Routine `determ` computes the determinant of a square matrix represented as a list of lists of numbers.

`(rp n)` produces a degree n polynomial f(x) with random rational coefficients.
`((rp n) x)` = f(x).

`(el n x y)` is a list of the (n+1)(n+2)/2 products of powers of x and y, and of degree ≤ n.
For instance `(el 3 x y)` is the list (x^{3} x^{2}y xy^{2} y^{3} x^{2} xy y^{2} x y 1).

`(mat n)` produces a square matrix by choosing (n+1)(n+1)/2 points along the parametric curve with random rational parameter values.
Each row of the determinant is `(el n x y)` for one of these points.
If the determinant of such a matrix is 0, then for some nth degree plane curve all the points lie on that curve.

A n-list is a list of (n−1)-lists. A 0-list is a real.

`((cmp n) f)`: `(((cmp 0) f) x)` = `x`.
`(((cmp (+ n 1)) f) x)` = `(f (((cmp n) f) x))`.
`((cmp 3) car)` = `caaar`; `((cmp n) f)` = f^{n}.

`((G2 f) x y)` = `(map f x y)` but allowing short inputs.

((G2 cons) '(2 3 4 5 6) '(8 9)) => ((2 . 8) (3 . 9) 4 5 6)

((G2 cons) '(2 3 4) '(5 6 7 8 9)) => ((2 . 5) (3 . 6) (4 . 7) 8 9)

`((Gs +) 3 '( 5 6 7))` => (8 9 10)

A polynomial of n variables is coded as an n-list whose elements are coefficients of the first variable. The coefficients are polynomials in n−1 variables and coded as (n−1)-lists.
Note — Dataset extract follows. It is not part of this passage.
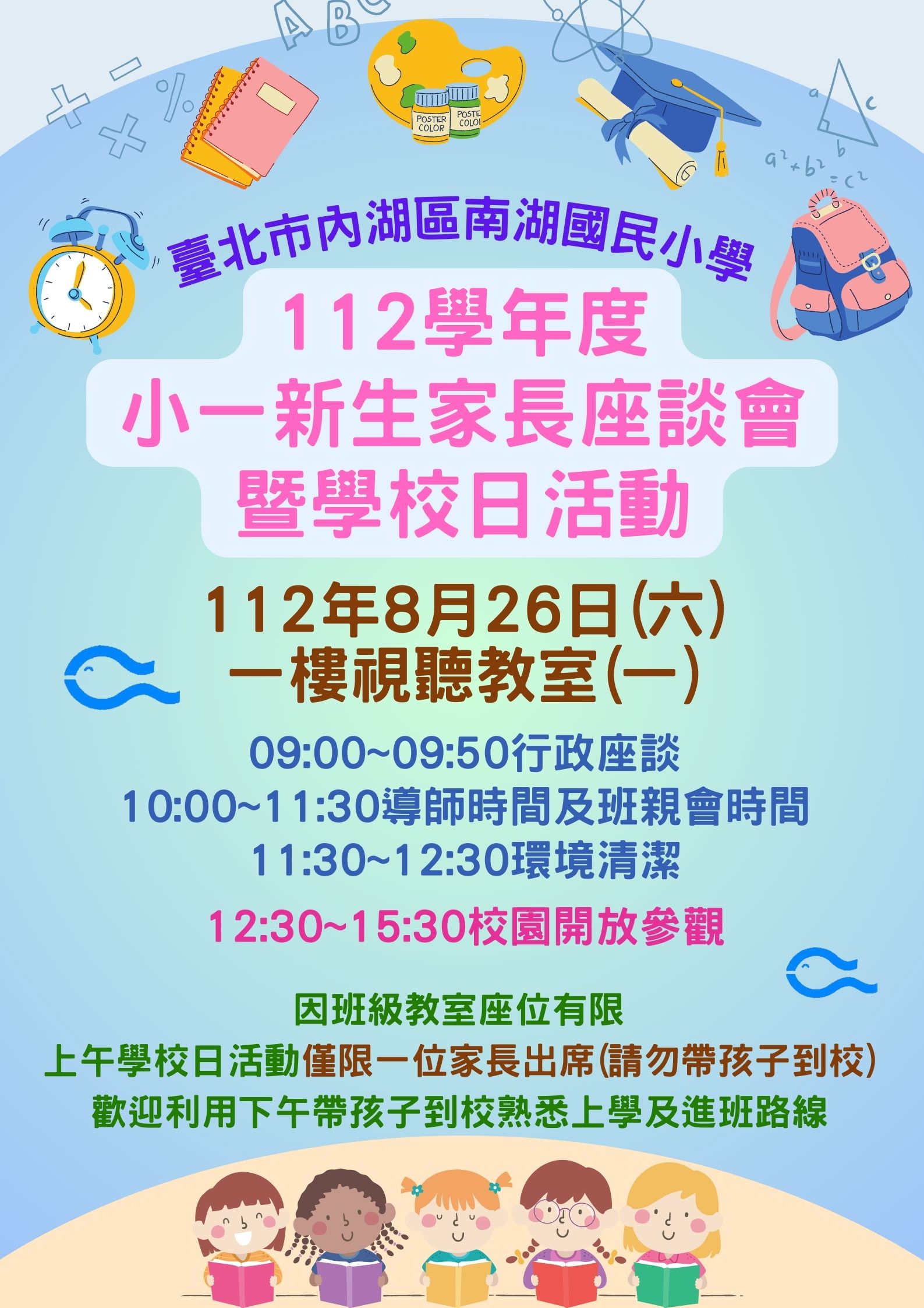 本校訂於112年8月26日(六)上午9時於一樓視聽(一)教室辦理小一新生家長說明會暨學校日活動,因教室座位有限,當日僅限1位家長出席(請勿帶孩子到校),感謝您的配合,歡迎踴躍參加。

If c is an n-list then `(pf n c)` is an n-curried polynomial in n variables.
`(pf 0 c)` is c which is presumably a number.
`(((pf 2 '((2 5) (7))) x) y) => 7x+5y+2`
`(((pf 2 '((2 5) (7))) 3) 5) => 48`

`(rp k n)` produces a coded degree n polynomial of k variables, with random rational coefficients.
`(rp 2 n)` is thus suitable for triangular Béziers.

`(el n x y z)` is a list of the products of powers of x, y and z, and of degree ≤ n.

For instance `(el 2 x y z)` is the list
(1 z z^{2} y yz y^{2} x xz xy x^{2})

The list has (n+1)(n+2)(n+3)/6 elements.

I want 3 random 3rd degree polynomials in two variables to parametrically define a 2D surface in 3D.
Then I want 20 points (number pairs) which produce a triple via the three polynomials.
This gives 20 triples which fed to `el` produces 20 lists of 20 reals.
Then we compute the determinant of this matrix.

The determinant is 0 for first degree parametric functions, but not zero for degrees 2 and 3!